KNN vs Logistic Regression in R

This image may not relate to this project at all. Source: www.childcarseats.com.au. All images, data and R Script can be found here
This is a short homework assignment in DSO_530 Applied Modern Statistical Learning Methods class by professor Robertas Gabrys, USC. I completed this project with two classmates He Liu and Kurshal Bhatia. In this assignment, we compare the predictive power of KNN and Logistic Regression.
Prompt
A child car seat company is interested in understanding what factors contribute to sales for one of its products. They have sales data on a particular model of child car seats at different stores inside and outside the United States.
To simplify the analysis, the company considers sales at a store to be “Satisfactory” if they are able to cover 115% of their costs at that location (i.e., roughly 15% profit) and “Unsatisfactory” if sales cover less than 115% of costs at that location (i.e., less than 15% profit).

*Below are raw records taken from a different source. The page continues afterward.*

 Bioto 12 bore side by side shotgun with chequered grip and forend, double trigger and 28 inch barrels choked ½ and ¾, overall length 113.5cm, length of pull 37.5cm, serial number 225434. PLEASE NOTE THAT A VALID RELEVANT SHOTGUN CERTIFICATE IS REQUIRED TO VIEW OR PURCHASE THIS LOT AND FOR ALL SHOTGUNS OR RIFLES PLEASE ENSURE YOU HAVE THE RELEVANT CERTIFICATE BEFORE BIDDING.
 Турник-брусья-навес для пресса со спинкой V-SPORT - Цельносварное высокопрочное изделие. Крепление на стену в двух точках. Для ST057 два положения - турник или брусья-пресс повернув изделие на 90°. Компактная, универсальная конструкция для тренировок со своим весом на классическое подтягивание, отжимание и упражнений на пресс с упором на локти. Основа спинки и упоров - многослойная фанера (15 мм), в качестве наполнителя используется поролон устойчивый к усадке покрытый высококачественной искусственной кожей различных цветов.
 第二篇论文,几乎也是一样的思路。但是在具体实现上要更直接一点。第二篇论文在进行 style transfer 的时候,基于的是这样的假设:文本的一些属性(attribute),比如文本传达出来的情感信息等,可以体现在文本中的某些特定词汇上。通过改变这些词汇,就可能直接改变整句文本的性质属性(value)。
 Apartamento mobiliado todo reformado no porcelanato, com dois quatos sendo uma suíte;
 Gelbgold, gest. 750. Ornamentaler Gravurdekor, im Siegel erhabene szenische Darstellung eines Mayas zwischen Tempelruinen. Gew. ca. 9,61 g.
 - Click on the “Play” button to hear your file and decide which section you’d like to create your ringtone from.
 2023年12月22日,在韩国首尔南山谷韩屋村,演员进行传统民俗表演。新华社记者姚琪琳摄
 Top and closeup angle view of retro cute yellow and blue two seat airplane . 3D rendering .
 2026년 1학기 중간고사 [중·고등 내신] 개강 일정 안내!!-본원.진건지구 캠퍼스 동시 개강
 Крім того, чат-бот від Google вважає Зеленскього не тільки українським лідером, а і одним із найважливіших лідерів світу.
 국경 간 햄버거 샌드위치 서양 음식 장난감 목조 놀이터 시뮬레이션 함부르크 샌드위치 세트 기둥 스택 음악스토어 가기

The data set consists of 11 variables and 400 observations. Each observation corresponds to one of the stores.
Variables
Description
Sales
Sales at each store (Satisfactory = 1 or Unsatisfactory = 0)
CompPrice
Price charged by competitor’s equivalent product at each store
Income
Local community income level (in thousands of dollars)
Advertising
Local advertising budget for company at each store (in thousands of dollars)
Population
Population size of local community (in thousands)
Price
Price company charges for its own product at the store
ShelveLoc
A factor with levels (Good=1 and Bad=0) indicating the quality of the shelving location for the car seats at each store
Age
Average age of the local community
Education
Average Education level in the local community
Urban
A factor with levels (Yes=1 and No=0) to indicate whether the store is in an urban or rural location
US
A factor with levels (Yes=1 and No=0) to indicate whether the store is in the US or not
Load data
> carseat.data=read.csv("carseat.txt")
> head(carseat.data)
Sales CompPrice Income Advertising Population Price ShelveLoc Age Education Urban US
1 1 138 73 11 276 120 0 42 17 1 1
2 1 111 48 16 260 83 0 65 10 1 1
3 1 113 35 10 269 80 1 59 12 1 1
4 0 117 100 4 466 97 1 55 14 1 1
5 0 141 64 3 340 128 0 38 13 1 0
6 1 124 113 13 501 72 0 78 16 0 1
Create the validation set and training set
testing_data=carseat.data[1:100,]
training_data=carseat.data[101:400,]
testing_y=carseat.data$Sales[1:100]
training_y=carseat.data$Sales[101:400]
testing_x=testing_data[,-1]
training_x=training_data[,-1]
Train the logistic regression model
> logistic_model=glm(Sales~.,data=training_data, family="binomial")
> summary(logistic_model)
Call:
glm(formula = Sales ~ ., family = "binomial", data = training_data)
Deviance Residuals:
Min 1Q Median 3Q Max
-2.1090 -0.6056 -0.1899 0.4225 2.6784
Coefficients:
Estimate Std. Error z value Pr(>|z|)
(Intercept) -1.3913119 2.0272717 -0.686 0.492525
CompPrice 0.1133453 0.0183759 6.168 6.91e-10 ***
Income 0.0153623 0.0061970 2.479 0.013175 *
Advertising 0.1481729 0.0391825 3.782 0.000156 ***
Population -0.0002905 0.0012774 -0.227 0.820126
Price -0.1175769 0.0150529 -7.811 5.68e-15 ***
ShelveLoc 2.6133149 0.4955569 5.273 1.34e-07 ***
Age -0.0568264 0.0116597 -4.874 1.09e-06 ***
Education -0.0451832 0.0641827 -0.704 0.481447
Urban -0.5172575 0.3888039 -1.330 0.183393
US 0.3059033 0.5093854 0.601 0.548150
---
Signif. codes: 0 ‘***’ 0.001 ‘**’ 0.01 ‘*’ 0.05 ‘.’ 0.1 ‘ ’ 1
(Dispersion parameter for binomial family taken to be 1)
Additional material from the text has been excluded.